> ASSIGNMENT:
Below are records to repeat exactly. Omit the pictures from the copy.

===== SOURCE DATA =====

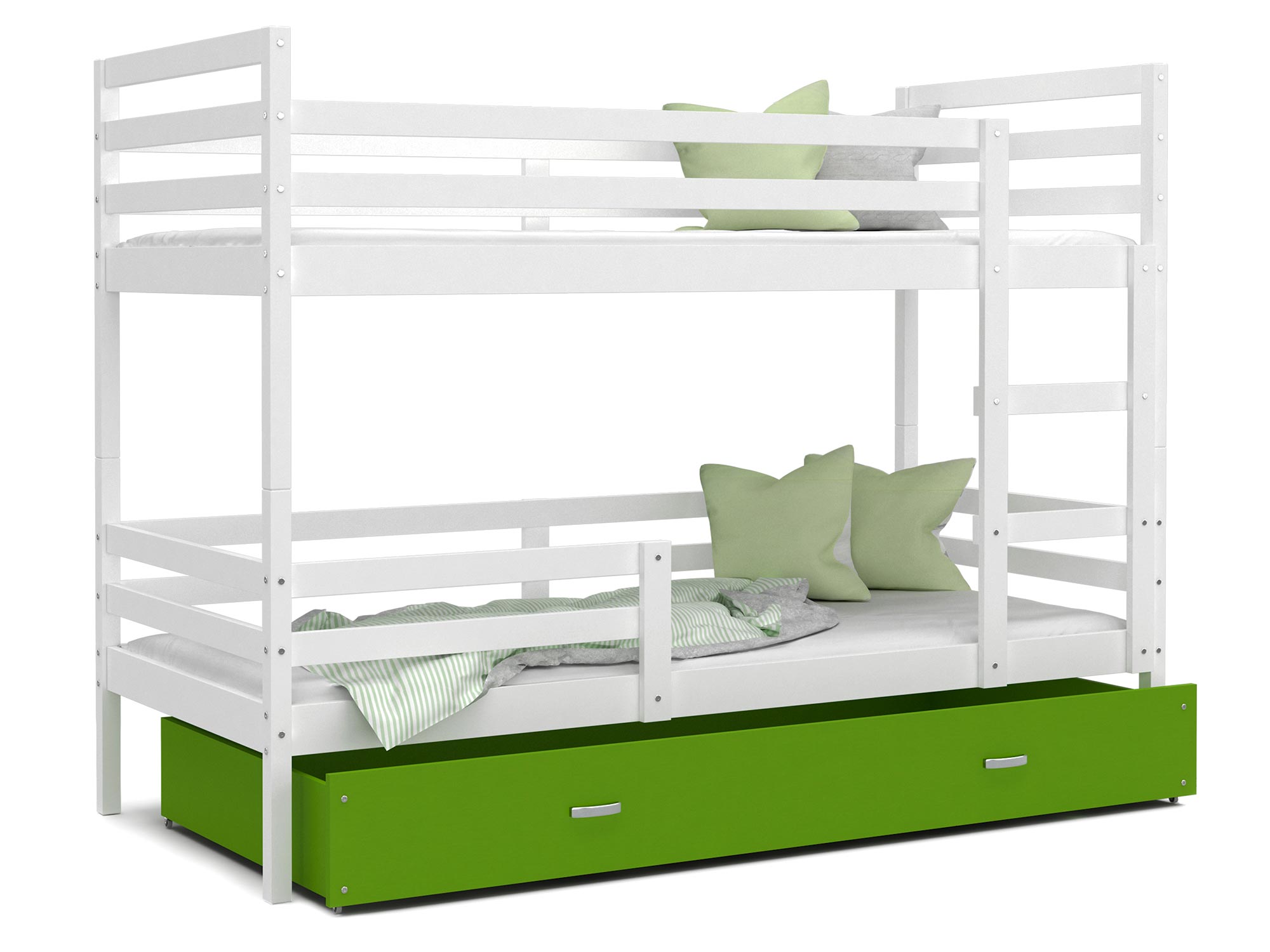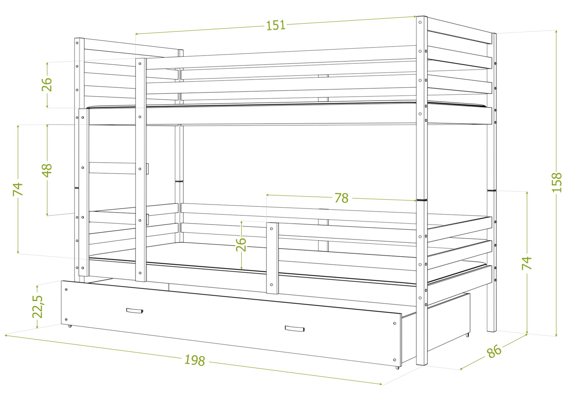 Piętrowe łóżko dziecięce DAVIS to mebel, który charakteryzuje się komfortem, bezpieczeństwem użytkowania i oryginalnym designem. Stabilna i trwała konstrukcja gwarantują odporność łóżka a także jego wytrzymałość. Mebel wykonano z najwyższej klasy drewna sosnowego i płyt MDF z zaokrąglonymi krawędziami i wyprofilowanymi ściankami, które mają za zadanie zapewnić bezpieczeństwo śpiącym dzieciom. Łóżko zostało wyposażone w pojemną wysuwaną na kółkach szufladę przeznaczoną do przechowywania pościeli, drabinkę która ułatwia wejście na piętro łóżka oraz barierki ochronne, które zapobiegają wypadnięciu dziecka, a także stelaż flex wykonany z sprężynujących listw osadzonych w plastikowych kieszonkach. W opcji jest też piankowy materac w pokrowcu o grubości 7 cm. Przez wzgląd na różnorodność charakterów i wykończeń w jakich urządzono sypialnie dziecięce nasze produkty są dostępne w wielu wybarwieniach do wyboru. Do łóżka został dodany zestaw przeznaczony do montażu jak również instrukcja.
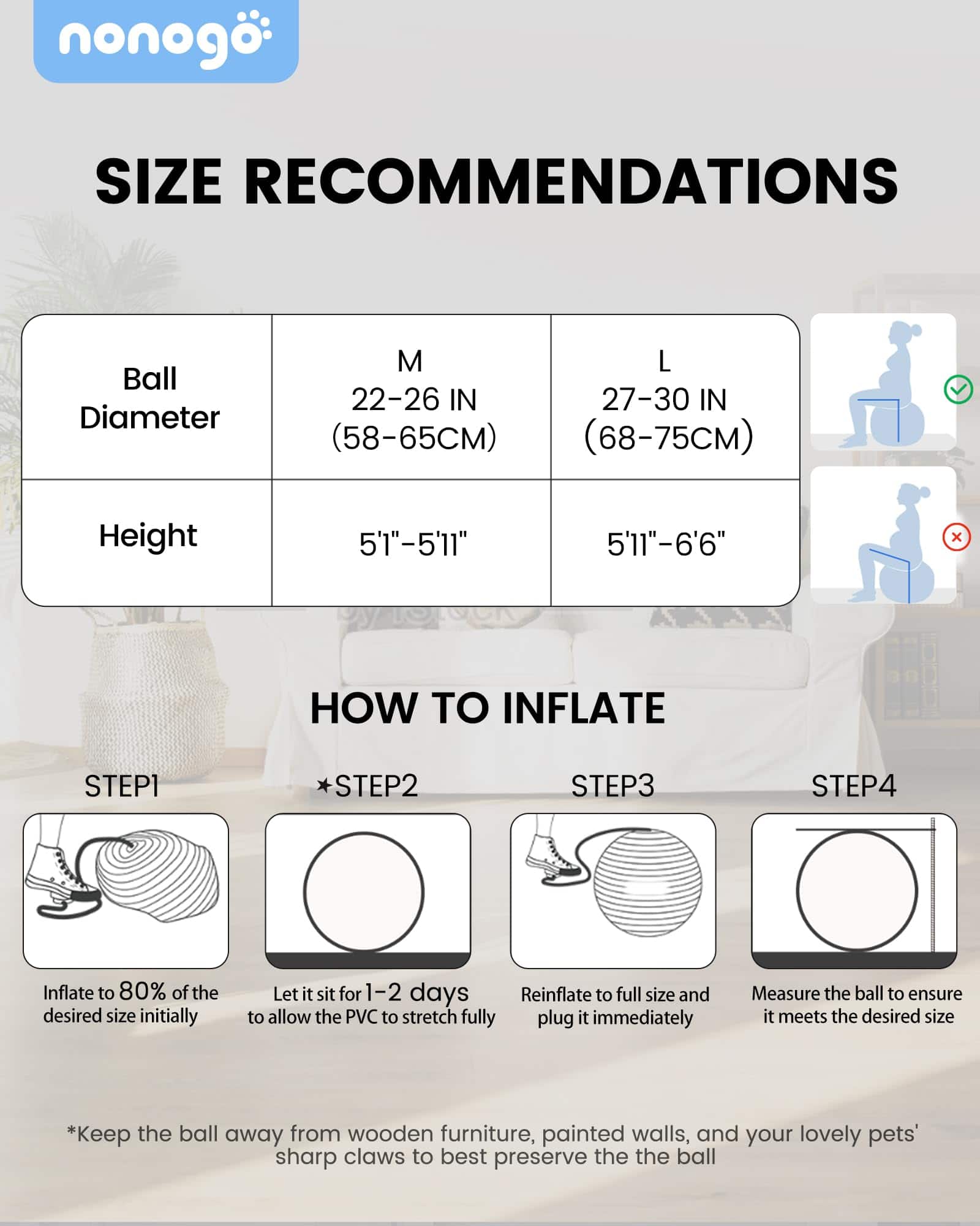 Pelota de Ejercicio nonogo para Entrenar con Banda de Resistencia – Pelota de Yoga para Parto, Fisioterapia, Equilibrio, Estabilidad, Fitness, Silla de Oficina con Bomba Rápida
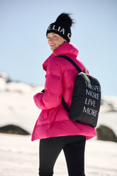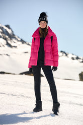 The Short Goose Down Garment is a vibrant addition to GOELIA's innovative down jacket line, perfect for the active holiday skier. Its brilliant pink hue ensures visibility on the ski slopes, while the practical design doubles as a backpack, making it perfect for those who prioritize functionality without compromising on style. The jacket's plush goose down insulation is essential for warmth, yet its compactness when stored highlights its versatility. This piece is an emblem of adaptability, designed for the skier who delights in winter sports during the day and cherishes ease of movement and convenience for après-ski activities.
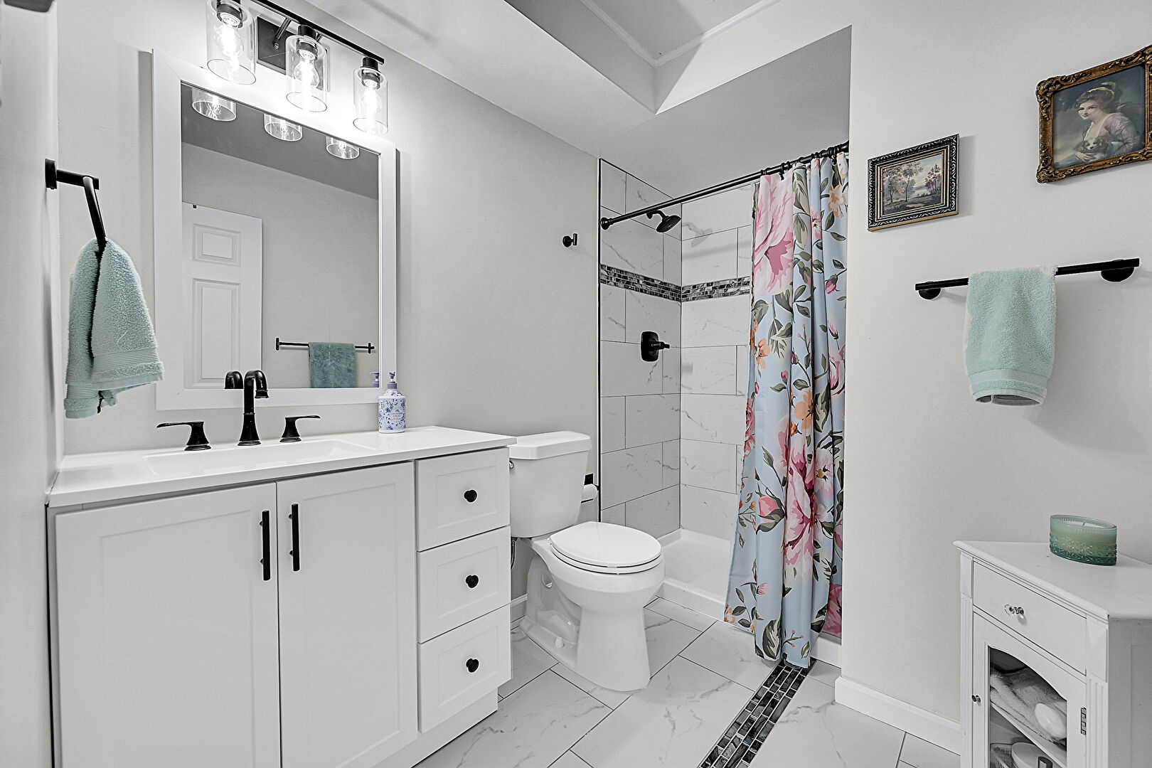 Baseboards Wall, Drywall, Full Bathroom, Vanity, Marble Finish Floor
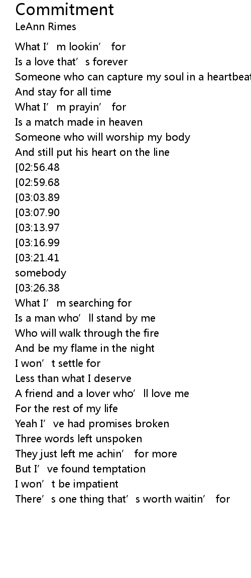 | [04:02.00][03:13.97][02:21.34][01:10.80] | Commitment |
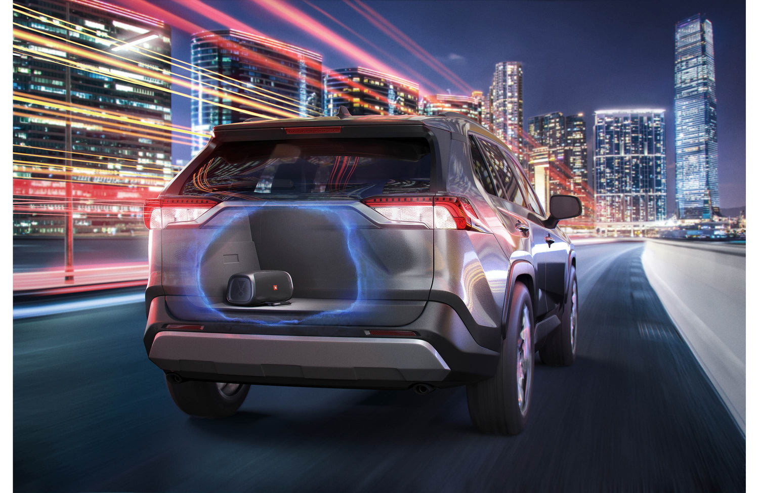- Delivers the same power as an 8" subwoofer when mounted in the docking station in the car.
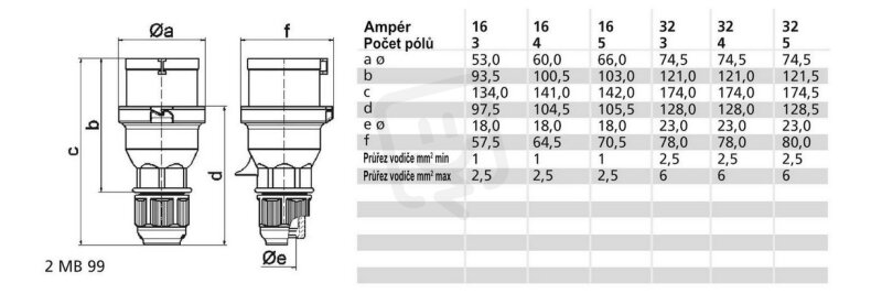 Vidlice 32A 5p 400V IP44 6h Quick-Connect
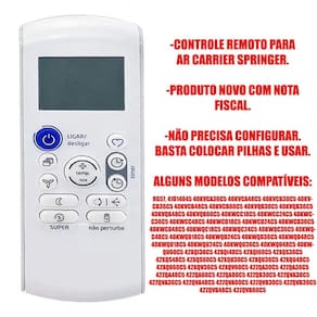 Controle Remoto Para Ar Split Carrier 42Zqa60C5 40Kwqc24C5
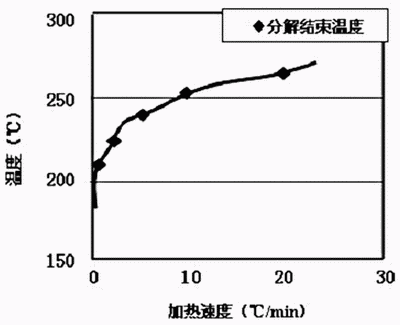 圖6 有機(jī)外殼分解結(jié)束溫度與加熱溫度的關(guān)系
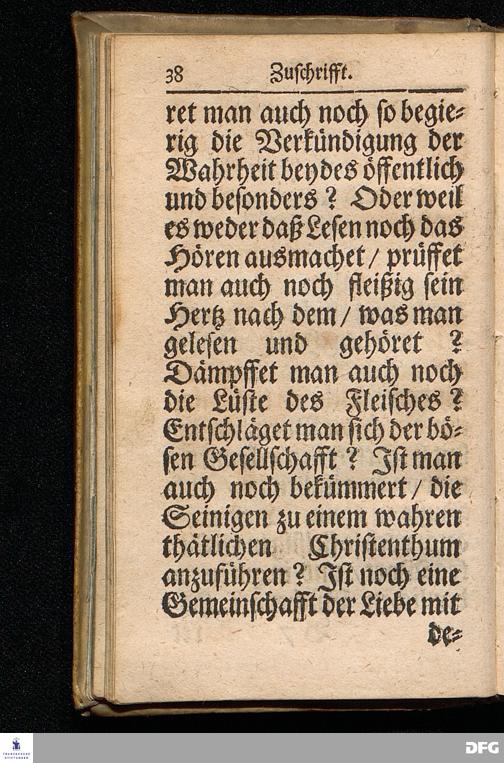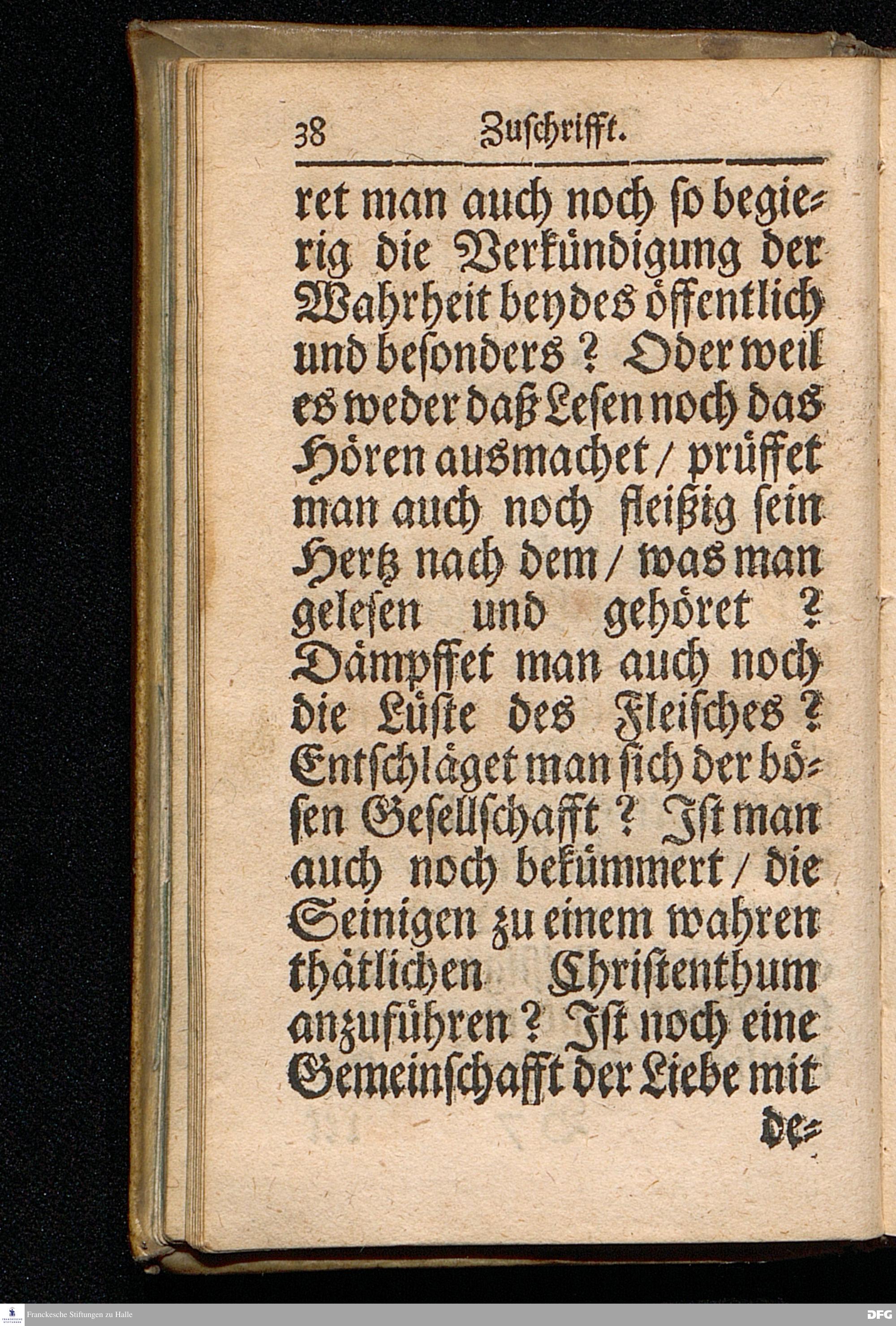 Aug.Herm.Franckens / S.S.Theol.P.Ord.& Past.Glauch. Schrifftmäßige Anweisung Recht und GOTT wohlgefällig Zu Beten / Nebst Einer Anfrage An die Hochlöbl.Theol.Facult. Zu KIEL Und deren RESPONSO, Die Gewißheit und Versicherung der Erhörung des Gebets betreffend. Andere EDITION. CUM PRIVILEGIO. HALLE /Gedruckt und verlegt im Wäysen=Hause. 1703.
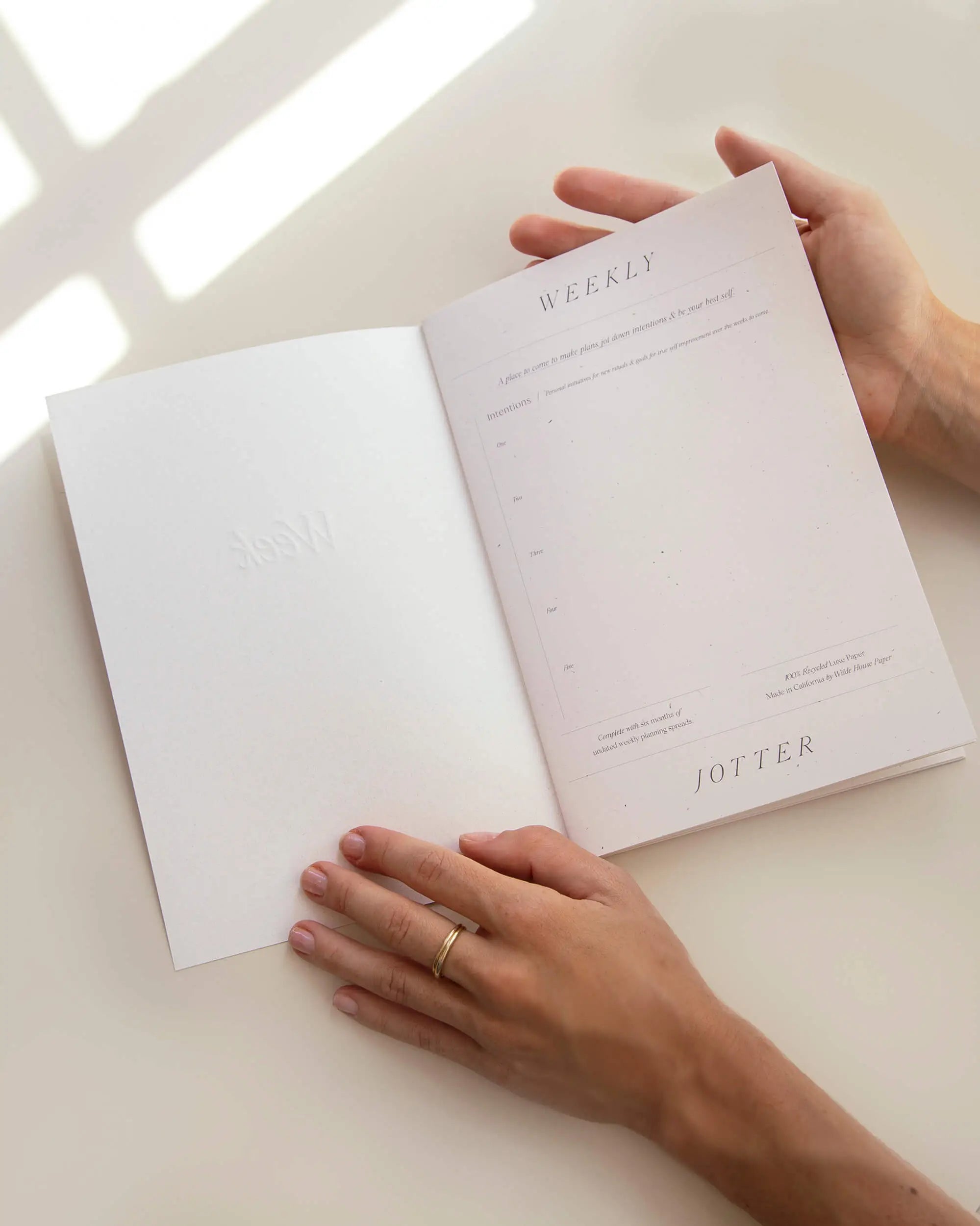 A minimal week planner designed to guide you in mindfully organizing your week. By setting intentions at first use to come home to and crafting your ideal version of an organized week, the Week Jotter becomes a weekly companion that connects you with your best self. 6’’ x 9’’ 27 undated weekly planning spreads with an opening page to set intentions for the year ahead. Letterpress cover and inner pages printed on luxe recycled stock made from 30% post-consumer waste. Saddle stitch binding.
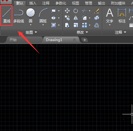 2、在该界面内找到菜单区里的直线命令,如图所示:

=====

> ANSWER SPACE:
 Piętrowe łóżko dziecięce DAVIS to mebel, który charakteryzuje się komfortem, bezpieczeństwem użytkowania i oryginalnym designem. Stabilna i trwała konstrukcja gwarantują odporność łóżka a także jego wytrzymałość. Mebel wykonano z najwyższej klasy drewna sosnowego i płyt MDF z zaokrąglonymi krawędziami i wyprofilowanymi ściankami, które mają za zadanie zapewnić bezpieczeństwo śpiącym dzieciom. Łóżko zostało wyposażone w pojemną wysuwaną na kółkach szufladę przeznaczoną do przechowywania pościeli, drabinkę która ułatwia wejście na piętro łóżka oraz barierki ochronne, które zapobiegają wypadnięciu dziecka, a także stelaż flex wykonany z sprężynujących listw osadzonych w plastikowych kieszonkach. W opcji jest też piankowy materac w pokrowcu o grubości 7 cm. Przez wzgląd na różnorodność charakterów i wykończeń w jakich urządzono sypialnie dziecięce nasze produkty są dostępne w wielu wybarwieniach do wyboru. Do łóżka został dodany zestaw przeznaczony do montażu jak również instrukcja.
 Pelota de Ejercicio nonogo para Entrenar con Banda de Resistencia – Pelota de Yoga para Parto, Fisioterapia, Equilibrio, Estabilidad, Fitness, Silla de Oficina con Bomba Rápida
 The Short Goose Down Garment is a vibrant addition to GOELIA's innovative down jacket line, perfect for the active holiday skier. Its brilliant pink hue ensures visibility on the ski slopes, while the practical design doubles as a backpack, making it perfect for those who prioritize functionality without compromising on style. The jacket's plush goose down insulation is essential for warmth, yet its compactness when stored highlights its versatility. This piece is an emblem of adaptability, designed for the skier who delights in winter sports during the day and cherishes ease of movement and convenience for après-ski activities.
 Baseboards Wall, Drywall, Full Bathroom, Vanity, Marble Finish Floor
 | [04:02.00][03:13.97][02:21.34][01:10.80] | Commitment |
- Delivers the same power as an 8" subwoofer when mounted in the docking station in the car.
 Vidlice 32A 5p 400V IP44 6h Quick-Connect
 Controle Remoto Para Ar Split Carrier 42Zqa60C5 40Kwqc24C5
 圖6 有機(jī)外殼分解結(jié)束溫度與加熱溫度的關(guān)系
 Aug.Herm.Franckens / S.S.Theol.P.Ord.& Past.Glauch. Schrifftmäßige Anweisung Recht und GOTT wohlgefällig Zu Beten / Nebst Einer Anfrage An die Hochlöbl.Theol.Facult. Zu KIEL Und deren RESPONSO, Die Gewißheit und Versicherung der Erhörung des Gebets betreffend. Andere EDITION. CUM PRIVILEGIO. HALLE /Gedruckt und verlegt im Wäysen=Hause. 1703.
 A minimal week planner designed to guide you in mindfully organizing your week. By setting intentions at first use to come home to and crafting your ideal version of an organized week, the Week Jotter becomes a weekly companion that connects you with your best self. 6’’ x 9’’ 27 undated weekly planning spreads with an opening page to set intentions for the year ahead. Letterpress cover and inner pages printed on luxe recycled stock made from 30% post-consumer waste. Saddle stitch binding.
 2、在该界面内找到菜单区里的直线命令,如图所示:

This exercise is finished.